When Volcano is used to schedule jobs, if the applied resources are greater than the available resources in the environment, the jobs are not scheduled and the job status is pending. When the applied resources exceed the upper limit of the cluster resources, jobs are always in the pending status.

The following example uses job mindx-dls-npu-16p in the custom namespace mindx-test. (This job applies for 16 NPUs when the cluster has only 8 NPUs.)

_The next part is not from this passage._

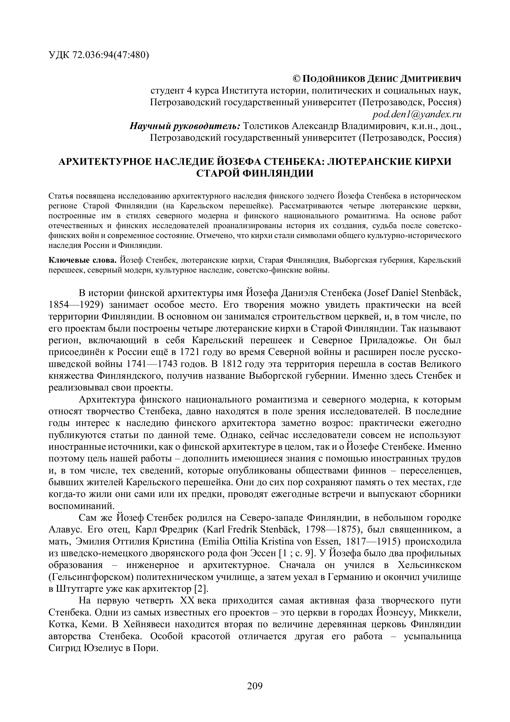 Подойников Д. Д. Архитектурное наследие Йозефа Стенбека: лютеранские кирхи Старой Финляндии / Д. Д. Подойников. — Текст : электронный // Научно-исследовательская работа обучающихся и молодых учёных: материалы 77-й Всероссийской (с международным участием) научной конференции обучающихся и молодых учёных, посвящённой 85-летию ПетрГУ и 80-летию Победы в Великой Отечественной войне (г. Петрозаводск, 31 марта – 27 апреля 2025 года). — Петрозаводск : Изд-во ПетрГУ, 2025. — С. 209-211. — URL: http://elibrary.petrsu.ru/books/80037 (дата обращения: 05.12.2025)

Run the following command to view the job details:

kubectl describe vcjob -n mindx-test mindx-dls-npu-16p

root@ubuntu:/home/yaml# kubectl describe vcjob -n mindx-test   mindx-dls-npu-16p
Name:         mindx-dls-npu-16p
Namespace:    mindx-test
Labels:       ring-controller.atlas=ascend-910
...
  Min Available:  2
  ...
    Replicas:  2
    ...
          Resources:
            Limits:
              Cpu:                   10
              huawei.com/Ascend910:  8
              Memory:                20Gi
            Requests:
              Cpu:                   10
              huawei.com/Ascend910:  8
              Memory:                20Gi
...
Status:
  Controlled Resources:
    Plugin - Env:  env
    Plugin - Ssh:  ssh
    Plugin - Svc:  svc
  Min Available:   2
  State:
    Last Transition Time:  2021-02-09T07:38:04Z
    Phase:                 Pending
Events:                    <none>

The preceding information indicates that the job is in the pending state.

Possible Causes

Resources are insufficient and volcano-scheduler does not terminate job scheduling.

Solution

  1. Ensure that resources are sufficient before using.
  2. Run the kubectl get vcjob -n namespace command to find the job if the job has been delivered and is in the pending state.
    root@ubuntu:/home/yaml# kubectl get vcjob -n mindx-test
    NAME                AGE
    mindx-dls-npu-16p   6m10s
  3. Run the kubectl delete vcjob mindx-dls-npu-16p -n namespace command to delete vcjob.
    root@ubuntu:/home/yaml# kubectl delete vcjob mindx-dls-npu-16p -n mindx-test
    job.batch.volcano.sh "mindx-dls-npu-16p" deleted
    • mindx-dls-npu-16p indicates the job name of vcjob.
    • mindx-test indicates the name of the namespace to which the job belongs.